Bug #60886 ALTER IGNORE TABLE ADD PRIMARY KEY fails on duplicate key values
Submitted: 15 Apr 2011 20:56 Modified: 16 Apr 2011 19:35
Reporter: tom worster Email Updates:
Status: Duplicate Impact on me:
None 
Category:MySQL Server Severity:S2 (Serious)
Version:5.5.11 OS:MacOS (10.7.0)
Assigned to: CPU Architecture:Any

[15 Apr 2011 20:56] tom worster
Description:
With InnoDB, ALTER IGNORE TABLE ADD PRIMARY KEY (c) fails if column c contains a duplicate value and the column is defined as NOT NULL.

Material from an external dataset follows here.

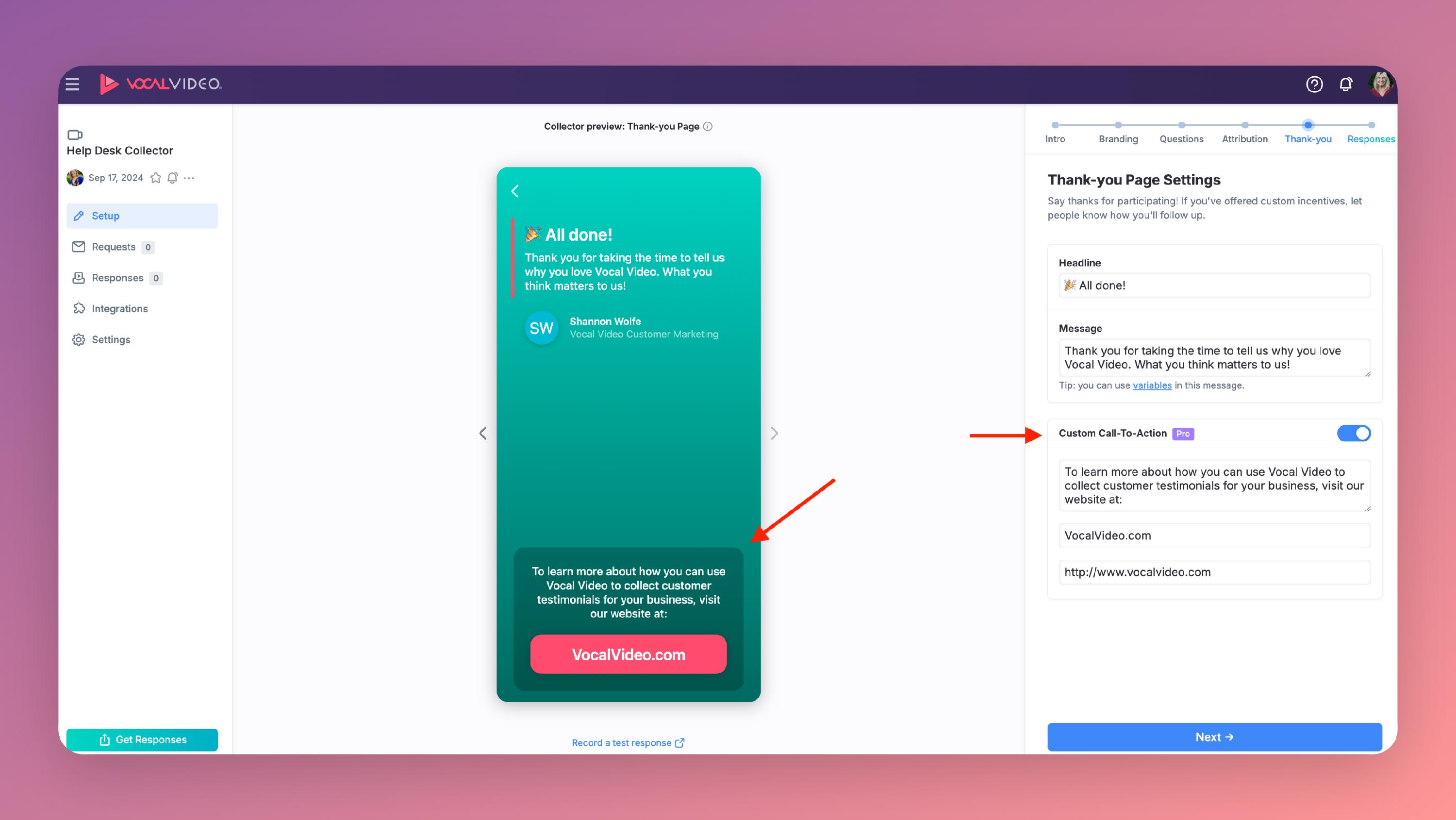 I want to add a Call to Action at the end of my Video Collector so that respondents click a link, sign a petition, or perform another action after answering my questions. Which plan should I pick? Our Pro and Enterprise plans allow you to add a Call to Action after your respondent finishes replying to the questions in your Video Collector. Learn more here: Call to Action Button.

According to documentation, rows with duplicate values should be deleted when IGNORE is used and no error should be issued. 

How to repeat:
CREATE TABLE t (x INT NOT NULL, y INT) ENGINE=INNODB;
INSERT INTO t VALUES (1,1),(2,2),(2,3),(4,4);
ALTER IGNORE TABLE t ADD PRIMARY KEY (x);

Expected response:
4 row(s) affected
Records: 4  Duplicates: 1  Warnings: 0

Actual response:
Error Code: 1062
Duplicate entry '2' for key 'PRIMARY'

Notes: I get expected response if I remove 'NOT NULL' from column x definition. I also get expected response with ENGINE=MyISAM.

Suggested fix:
I don't know what to suggest. Sorry.
[16 Apr 2011 2:39] MySQL Verification Team
this looks like bug #40344 to me?
[16 Apr 2011 19:35] tom worster
Hi Shane Bester,

The underlying bug may well be the same but the differences in the test cases may be worth incorporating into 40344. I tried 4 tests:

This works as expected:
  DROP TABLE IF EXISTS t;
  CREATE TABLE t (x INT, y INT) ENGINE=INNODB;
  INSERT INTO t VALUES (1,1),(2,2),(2,3),(4,4);
  ALTER IGNORE TABLE t ADD PRIMARY KEY (x);

But all of the following 3 fail
  DROP TABLE IF EXISTS t;
  CREATE TABLE t (x INT NOT NULL, y INT) ENGINE=INNODB;
  INSERT INTO t VALUES (1,1),(2,2),(2,3),(4,4);
  ALTER IGNORE TABLE t ADD PRIMARY KEY (x);

  DROP TABLE IF EXISTS t;
  CREATE TABLE t (x INT, y INT) ENGINE=INNODB;
  INSERT INTO t VALUES (1,1),(2,2),(2,3),(4,4);
  ALTER IGNORE TABLE t ADD UNIQUE KEY (x);

  DROP TABLE IF EXISTS t;
  CREATE TABLE t (x INT NOT NULL, y INT) ENGINE=INNODB;
  INSERT INTO t VALUES (1,1),(2,2),(2,3),(4,4);
  ALTER IGNORE TABLE t ADD UNIQUE KEY (x);
[21 Sep 2011 22:38] Trey Raymond
Interesting behavior.  Note in test two, when I add a condition that innodb won't like, it somehow sends a warning and then processes the ignore, deleting rows.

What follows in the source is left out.